Ah. Similar to the problem I've got with storing results from the AMOS XRef app. Each time I come across a Variable, Proc, Label or Function token, I need to:
- Scan the existing results for a match to the name.
- Insert a record for it if it doesn't exist.
- Insert a line number and type ("definition" or "usage") record for it.
Then, after the source scan is completed, output them in sorted order.
The 'linear' scans on the name records would give me the same problem you're getting - lengthy run times.
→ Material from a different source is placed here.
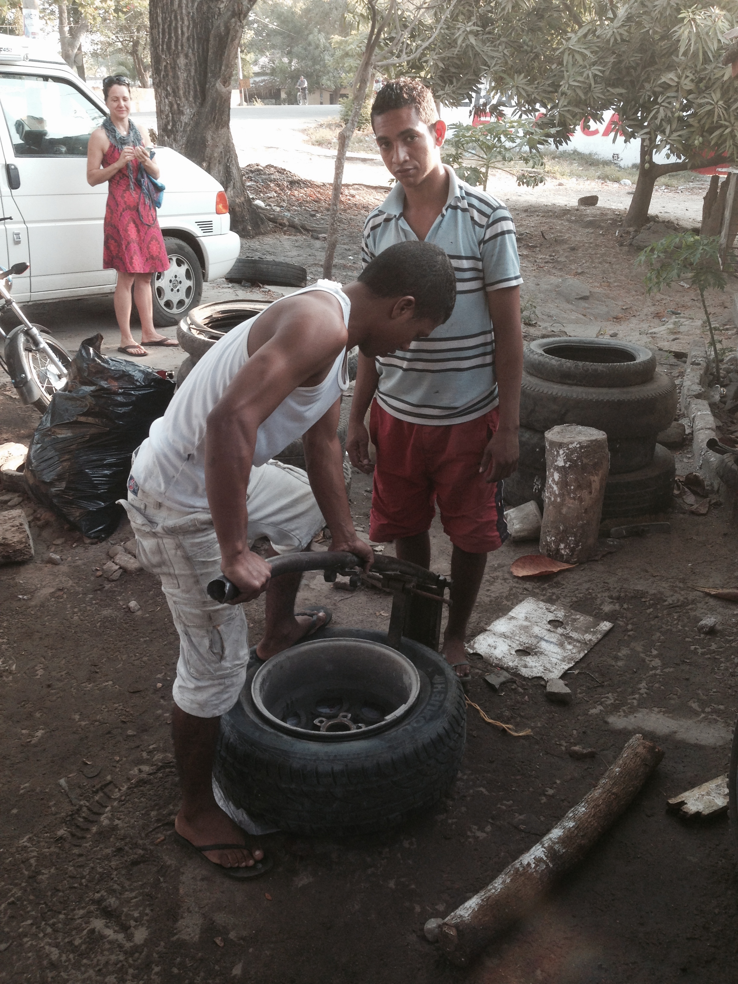 Before I was able to get out of the van, many Colombians on motorcycles, rickshaws and on foot were surrounding the van, eager to help. It took 3 minutes to shuffle the gear of 5 people living in the van in order to get to the tools stored in the back. Within 5 minutes, my new comrades and I were installing the spare tire. In all the preparations, I’d never inspected the spare tire to be sure it was inflated. Although low in air pressure, the full size spare tire was good to go. I was particular about installing the lug nuts myself to prevent stripping of the threads. As I was installing the tire, my Colombian friends were stripping the threads holding the spare tire under the van.
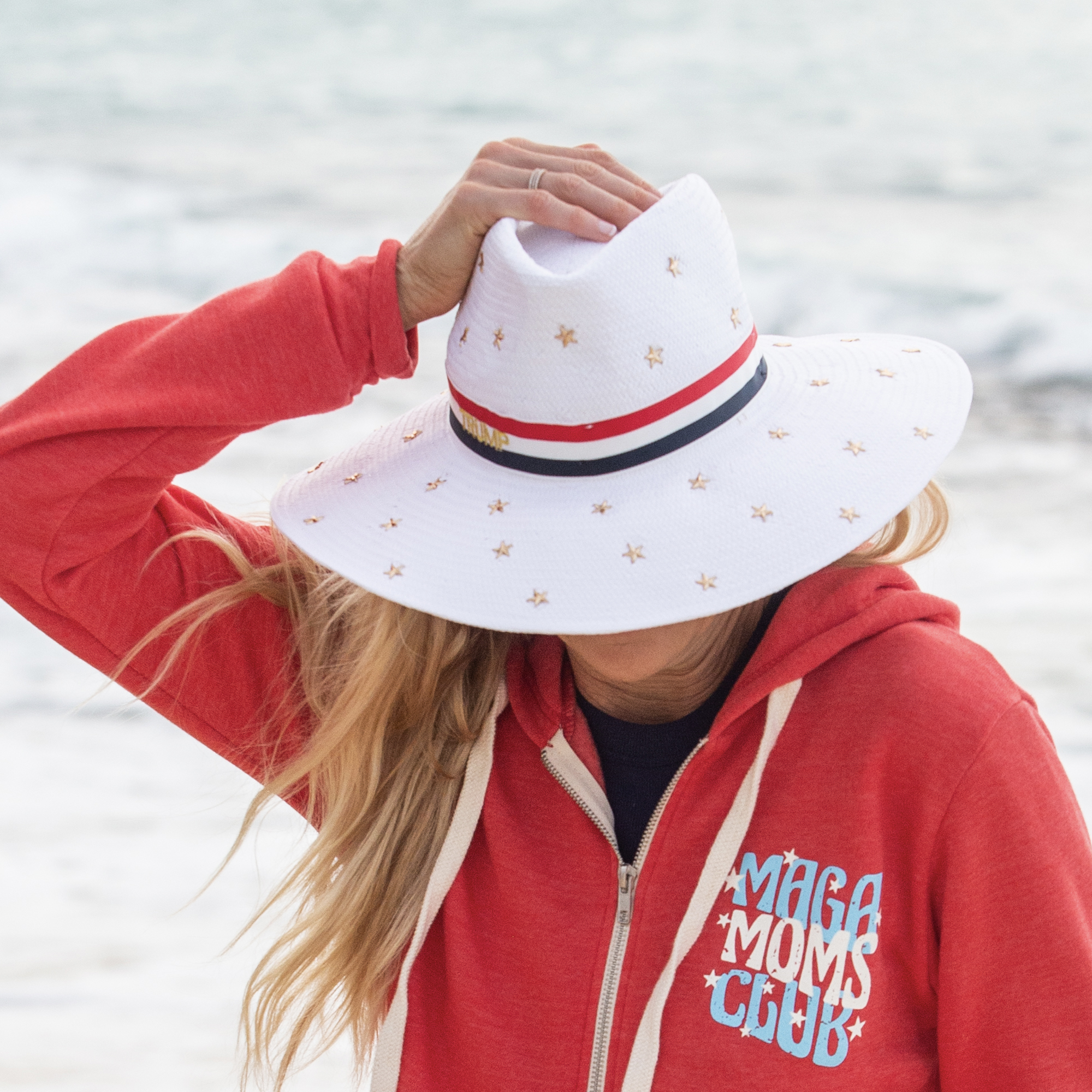 This hat will have you made in the shade! This lightweight coated straw hat features a star studded treatment and red, white, and blue band. TRUMP embroidered on band. Adjustable inner band allows for the perfect fit. Travel friendly and perfect for summer sun!

One solution is to use a Binary Tree structure to store the records in sorted order. They're very quick to search but have one big drawback. If the tree gets too 'unbalanced', the search time approaches that of a 'linear' scan. Worst case scenario is when the records are already in sorted order before they're inserted into the tree. The scan is then 'linear'.
A 'well-balanced' Binary Tree only has a maximum search time equal to its 'depth'. Which is not much gain for small collections of data but makes an enormous difference for large collections. For example: 1,000,000 records can be searched with a maximum of just 20 comparisons per search.
Putting it back-to-front:
2 ^ maximum_search_depth = number_of_recordsThere are ways to produce self-balancing Binary Trees when the records are inserted, but coding one is complex. I've shelved it for the time being to get stuck into the bug-fixing and docs projects.
I've attached a zip of some of the more useful stuff I downloaded when I was researching it. They will also explain some of the terminology I used above.